The poly (ADP-ribose) polymerase-1 (PARP-1) enzyme is an important target in the treatment of breast cancer. Currently, treatment options include the drugs Olaparib, Niraparib, Rucaparib, and Talazoparib; however, these drugs can cause severe side effects including hematological toxicity and cardiotoxicity. Although in silico models for the prediction of PARP-1 activity have been developed, the drawbacks of these models include low specificity, a narrow applicability domain, and a lack of interpretability. To address these issues, a comprehensive machine learning (ML)-based quantitative structure–activity relationship (QSAR) approach for the informed prediction of PARP-1 activity is presented. Classification models built using the Synthetic Minority Oversampling Technique (SMOTE) for data balancing gave robust and predictive models based on the K-nearest neighbor algorithm (accuracy 0.86, sensitivity 0.88, specificity 0.80). Regression models were built on structurally congeneric datasets, with the models for the phthalazinone class and fused cyclic compounds giving the best performance. In accordance with the Organization for Economic Cooperation and Development (OECD) guidelines, a mechanistic interpretation is proposed using the Shapley Additive Explanations (SHAP) to identify the important topological features to differentiate between PARP-1 actives and inactives. Moreover, an analysis of the PARP-1 dataset revealed the prevalence of activity cliffs, which possibly negatively impacts the model’s predictive performance. Finally, a set of chemical transformation rules were extracted using the matched molecular pair analysis (MMPA) which provided mechanistic insights and can guide medicinal chemists in the design of novel PARP-1 inhibitors.

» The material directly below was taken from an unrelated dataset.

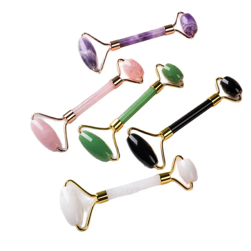 Face Roller Massage Jade Stone Roller Rose Quartz Lift Up For Face Eye Chin Natural Crystal Massager Thin Beauty Slimming Tools

聚（ADP-核糖）聚合酶-1（PARP-1）是乳腺癌治疗的重要靶点。目前，治疗选择包括药物Olaparib、Niraparib、Rucaparib和Talazoparib；然而，这些药物可能会引起严重的副作用，包括血液毒性和心脏毒性。尽管已经开发出用于预测 PARP-1 活性的计算机模型，但这些模型的缺点包括特异性低、适用范围窄和缺乏可解释性。为了解决这些问题，提出了一种基于机器学习 (ML) 的综合定量结构-活性关系 (QSAR) 方法，用于对 PARP-1 活性进行知情预测。使用用于数据平衡的合成少数过采样技术 (SMOTE) 构建的分类模型提供了基于 K 最近邻算法的稳健预测模型（准确度 0.86、灵敏度 0.88、特异性 0.80）。回归模型建立在结构相似的数据集上，其中二氮杂萘类和稠环化合物的模型具有最佳性能。根据经济合作与发展组织 (OECD) 的指导方针，提出了使用 Shapley 加法解释 (SHAP) 的机械解释，以确定区分 PARP-1 活性和非活性的重要拓扑特征。此外，对 PARP-1 数据集的分析揭示了活动悬崖的普遍存在，这可能会对模型的预测性能产生负面影响。最后，使用匹配分子对分析（MMPA）提取了一组化学转化规则，该规则提供了机制见解，可以指导药物化学家设计新型 PARP-1 抑制剂。